Winnipeg Free Press - PRINT EDITION
History buff puts obscure sites on a map
Website offers up a treasure trove of Manitoba sites
A funny thing kept occurring as Gordon Goldsborough was searching for and mapping historic sites across Manitoba.
"I kept finding geocache boxes at the sites. I'd go, 'What's this thing clipped to the side?' " Geocaching (a treasure-hunt game using GPS), heritage tourism, exploring Manitoba and driving vacations all benefit from the self-described "obsessive personality" of Goldsborough in his latest venture: online mapping of Manitoba historic sites.

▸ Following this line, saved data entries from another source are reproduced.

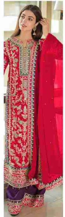
D.NO.180 - D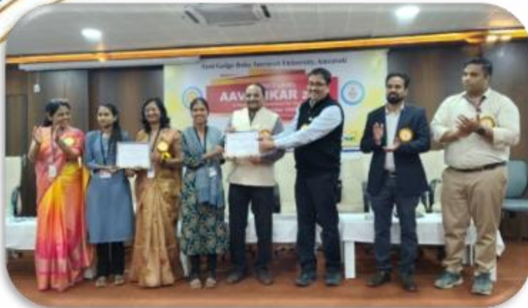
Students of department of Chemistry achieve First Rank in District Level AVISHKAR Competition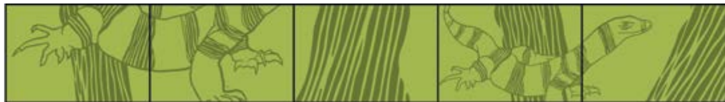
Artwork design for artwall 4 - 5x panels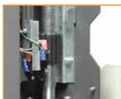
direct drive limit switches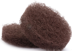
Abrasive pads brown

For serious scrubbing and polish removal

Goldsborough has mapped more than 2,000 historic sites (www.mhs.mb.ca/docs/sites), and he's just getting warmed up. Click on the map's icons and up pop exact locations of historic sites in latitude and longitude, and a link to a write-up and photo.

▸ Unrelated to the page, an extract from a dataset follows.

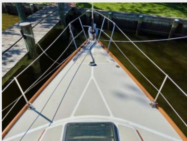
Bristol 35.5 - Extravagance - 15

Icons are coloured to indicate the type of historic site. For example, a black icon represents a cemetery and a green icon represents a historic site where something once was.
You can now access the online map with an iPhone while travelling.
"We're the only ones anywhere doing this kind of historical mapping," Goldsborough said.
By day, Goldsborough is an associate professor of biology at the University of Manitoba. His hobby (obsession) is Manitoba history. The former president of the Manitoba Historical Society has put more than 25,000 pages of historical records and writings (dating back to 1898) online at mhs.ca. The site includes articles from Manitoba Pageant magazine and its successor, Manitoba History; a street name origins dictionary culled from Jaroslav Rudnyckyj's Mosaic of Winnipeg Street Names (1974) and other sources; and biography collections like Jack Bumsted's Dictionary of Manitoba Biography.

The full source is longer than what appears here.